Pela carta de Silva Pais, ficamos sabendo que não só continuavam os desertores portugueses a vaguear na pampa, mas que dentro da Colônia havia quem antecipadamente contasse com o seu auxilio, o que supõe relações anteriores entre os dois grupos.

De quantos homens se comporia o pequeno Corpo de Domingos de Oliveira e qual, dentro dele, a propor­ção daqueles desertores?

Como o Governador da Colônia não podia distrair ([6]), em véspera de ataque à Praça pelos espanhóis e os índios Tape, um número apreciável de defensores, supomos que a maior parte dos homens arregi­mentados por Domingos de Oliveira, seriam deser­tores, dos que erravam pelas campanhas do Uruguai e do Rio Grande.

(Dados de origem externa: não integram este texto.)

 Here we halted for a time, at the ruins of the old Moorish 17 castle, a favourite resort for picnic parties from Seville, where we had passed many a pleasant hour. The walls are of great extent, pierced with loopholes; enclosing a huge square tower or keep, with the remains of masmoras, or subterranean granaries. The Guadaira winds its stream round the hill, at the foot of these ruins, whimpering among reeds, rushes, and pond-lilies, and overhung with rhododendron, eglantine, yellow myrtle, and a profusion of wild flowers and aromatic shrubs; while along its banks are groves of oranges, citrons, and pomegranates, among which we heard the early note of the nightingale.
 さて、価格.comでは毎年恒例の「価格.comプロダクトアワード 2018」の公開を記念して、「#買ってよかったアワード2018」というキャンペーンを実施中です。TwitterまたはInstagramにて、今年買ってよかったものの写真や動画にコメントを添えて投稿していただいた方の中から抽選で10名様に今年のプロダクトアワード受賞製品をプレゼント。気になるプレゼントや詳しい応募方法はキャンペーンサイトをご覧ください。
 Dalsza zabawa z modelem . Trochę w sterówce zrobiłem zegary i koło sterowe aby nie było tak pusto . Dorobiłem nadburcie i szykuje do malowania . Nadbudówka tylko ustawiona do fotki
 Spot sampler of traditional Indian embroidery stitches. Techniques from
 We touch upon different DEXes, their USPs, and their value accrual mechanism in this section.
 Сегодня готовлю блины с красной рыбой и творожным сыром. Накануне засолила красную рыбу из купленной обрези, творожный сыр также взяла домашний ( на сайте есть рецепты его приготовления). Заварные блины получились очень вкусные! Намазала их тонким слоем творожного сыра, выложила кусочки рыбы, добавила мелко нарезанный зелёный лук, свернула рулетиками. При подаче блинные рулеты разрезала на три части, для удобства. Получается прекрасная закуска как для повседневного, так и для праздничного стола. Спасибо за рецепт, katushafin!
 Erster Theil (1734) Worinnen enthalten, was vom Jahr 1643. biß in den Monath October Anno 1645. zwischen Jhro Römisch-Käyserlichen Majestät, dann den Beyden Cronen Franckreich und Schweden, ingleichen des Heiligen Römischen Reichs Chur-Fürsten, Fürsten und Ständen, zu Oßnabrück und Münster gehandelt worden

Mas a posição do Passo do Rio Grande já então importava demasiadamente à economia do Brasil, e muito mais em ocasião de guerra para ser abandonada. Antônio Pedro de Vasconcelos escreveu, pois, ao Conde de Sarzedas, indicando-lhe o nome de Cristóvão Pereira de Abreu, que então se encontrava no Rio de Janeiro ou nas Minas, como a única pessoa capaz de substituir com vantagem Domingos de Oliveira na sua missão.

Já em marcha, Cristóvão Pereira escrevia a Gomes Freire de Andrade, de Santos, comunicando-lhe que se dirigia por terra ao seu destino, com o propósito de incorporar alguns voluntários pelo caminho “e os que mais houver nas vizinhanças do Rio Grande”. ([7])

Já do Rio Grande de São Pedro, a 29.09.1736, comunicava de novo a Gomes Freire de Andrade o resultado das suas diligências e como encontrara no Rio Grande “sessenta pessoas postas da outra parte, e esperando por mim”. ([8])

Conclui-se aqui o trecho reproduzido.